• **RECORDS FOR THE TASK**
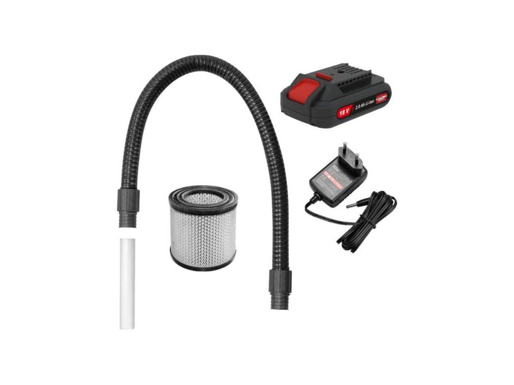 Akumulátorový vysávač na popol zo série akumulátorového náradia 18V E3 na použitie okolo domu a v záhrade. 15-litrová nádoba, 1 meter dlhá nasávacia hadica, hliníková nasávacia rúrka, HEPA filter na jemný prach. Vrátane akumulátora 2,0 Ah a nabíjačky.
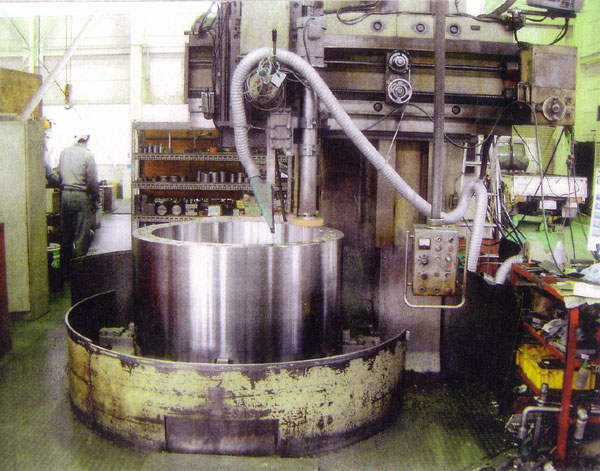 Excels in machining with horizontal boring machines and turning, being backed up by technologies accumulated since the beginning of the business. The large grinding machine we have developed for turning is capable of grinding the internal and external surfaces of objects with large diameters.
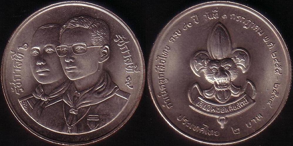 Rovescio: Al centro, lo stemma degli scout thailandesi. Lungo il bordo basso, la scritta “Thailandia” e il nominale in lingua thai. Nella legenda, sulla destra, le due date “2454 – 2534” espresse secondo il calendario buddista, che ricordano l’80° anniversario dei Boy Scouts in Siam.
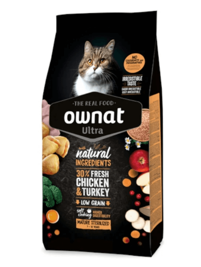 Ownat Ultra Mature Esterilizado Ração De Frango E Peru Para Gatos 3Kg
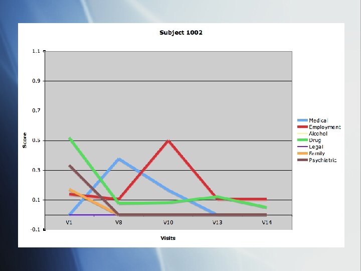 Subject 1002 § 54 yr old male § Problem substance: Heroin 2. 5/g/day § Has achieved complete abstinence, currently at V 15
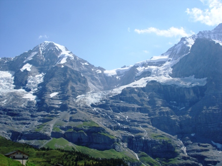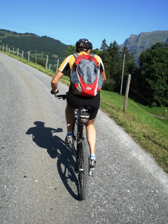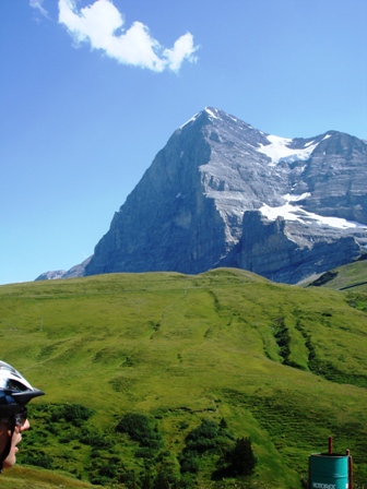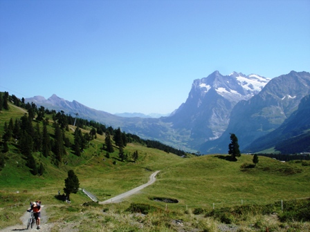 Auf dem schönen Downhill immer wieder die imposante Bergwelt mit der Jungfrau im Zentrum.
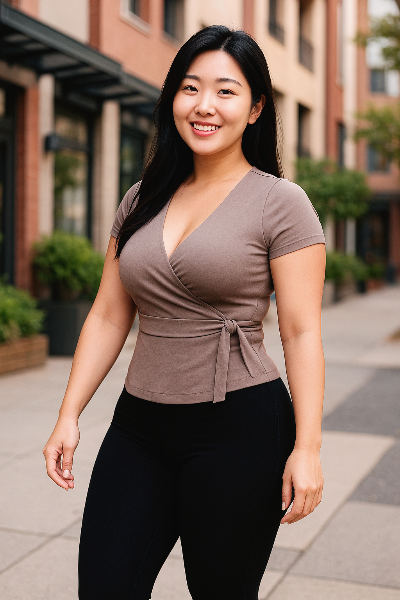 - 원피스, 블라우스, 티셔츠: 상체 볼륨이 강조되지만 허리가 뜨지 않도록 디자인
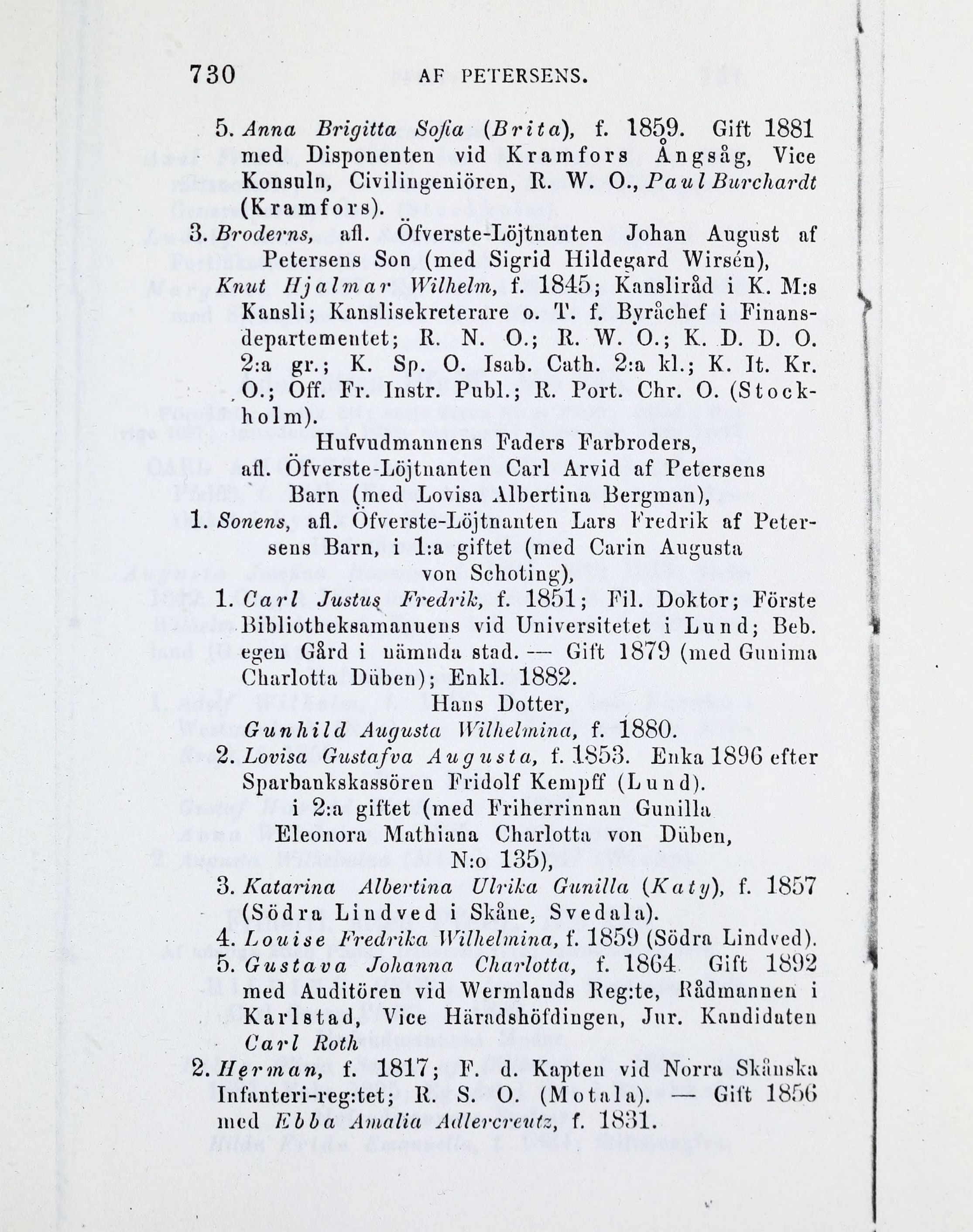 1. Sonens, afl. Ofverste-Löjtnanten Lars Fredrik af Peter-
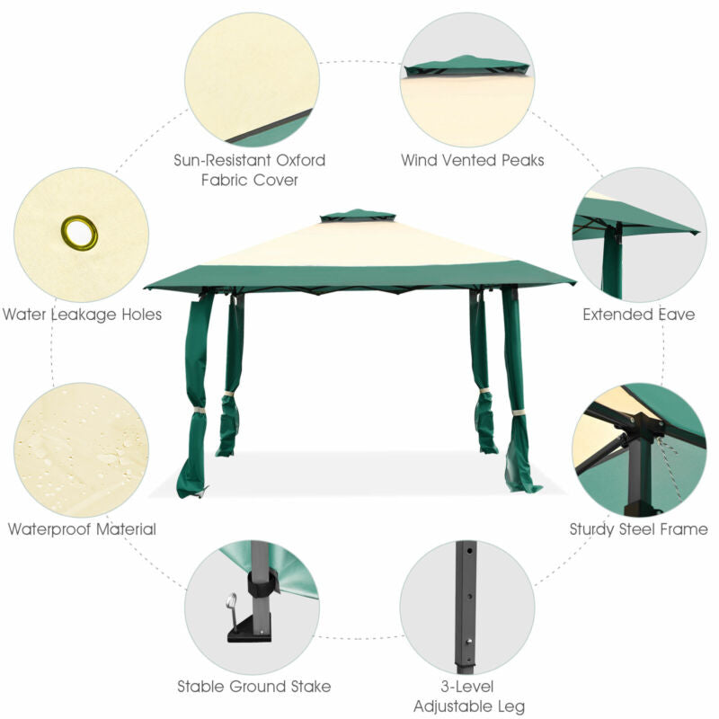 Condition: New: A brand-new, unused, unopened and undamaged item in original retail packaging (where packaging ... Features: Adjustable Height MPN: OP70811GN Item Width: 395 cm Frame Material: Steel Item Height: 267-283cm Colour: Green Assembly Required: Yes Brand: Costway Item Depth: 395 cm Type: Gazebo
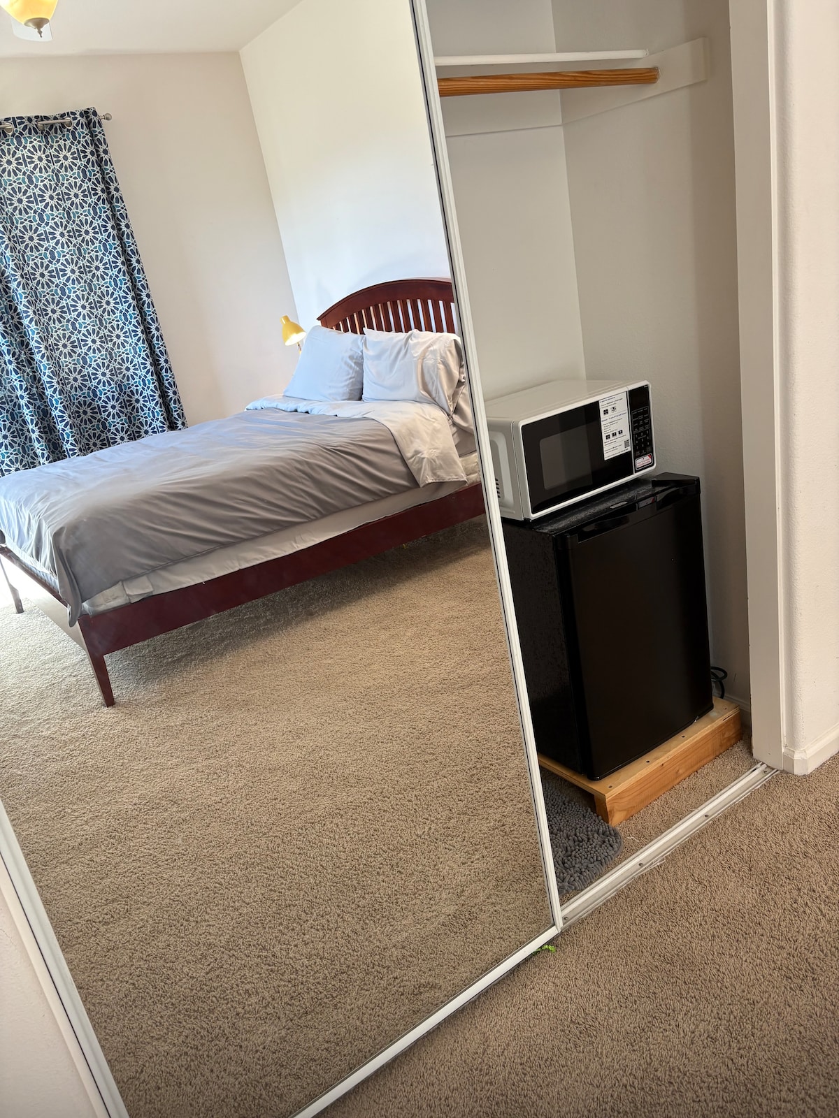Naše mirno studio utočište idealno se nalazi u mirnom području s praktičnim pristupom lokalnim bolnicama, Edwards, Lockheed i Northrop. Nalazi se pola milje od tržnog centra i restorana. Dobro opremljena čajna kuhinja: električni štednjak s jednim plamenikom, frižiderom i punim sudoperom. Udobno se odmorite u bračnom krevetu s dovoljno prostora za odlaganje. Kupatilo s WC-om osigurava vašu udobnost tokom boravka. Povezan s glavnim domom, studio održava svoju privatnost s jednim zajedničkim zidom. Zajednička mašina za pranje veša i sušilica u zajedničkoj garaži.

• **EXERCISE INSTRUCTIONS**
Please output only the lines running from the one that holds "Auf dem schönen" through the last line of the entries, both ends included, without any images.

• **ANSWER SPACE**
 Auf dem schönen Downhill immer wieder die imposante Bergwelt mit der Jungfrau im Zentrum.
 - 원피스, 블라우스, 티셔츠: 상체 볼륨이 강조되지만 허리가 뜨지 않도록 디자인
 1. Sonens, afl. Ofverste-Löjtnanten Lars Fredrik af Peter-
 Condition: New: A brand-new, unused, unopened and undamaged item in original retail packaging (where packaging ... Features: Adjustable Height MPN: OP70811GN Item Width: 395 cm Frame Material: Steel Item Height: 267-283cm Colour: Green Assembly Required: Yes Brand: Costway Item Depth: 395 cm Type: Gazebo
Naše mirno studio utočište idealno se nalazi u mirnom području s praktičnim pristupom lokalnim bolnicama, Edwards, Lockheed i Northrop. Nalazi se pola milje od tržnog centra i restorana. Dobro opremljena čajna kuhinja: električni štednjak s jednim plamenikom, frižiderom i punim sudoperom. Udobno se odmorite u bračnom krevetu s dovoljno prostora za odlaganje. Kupatilo s WC-om osigurava vašu udobnost tokom boravka. Povezan s glavnim domom, studio održava svoju privatnost s jednim zajedničkim zidom. Zajednička mašina za pranje veša i sušilica u zajedničkoj garaži.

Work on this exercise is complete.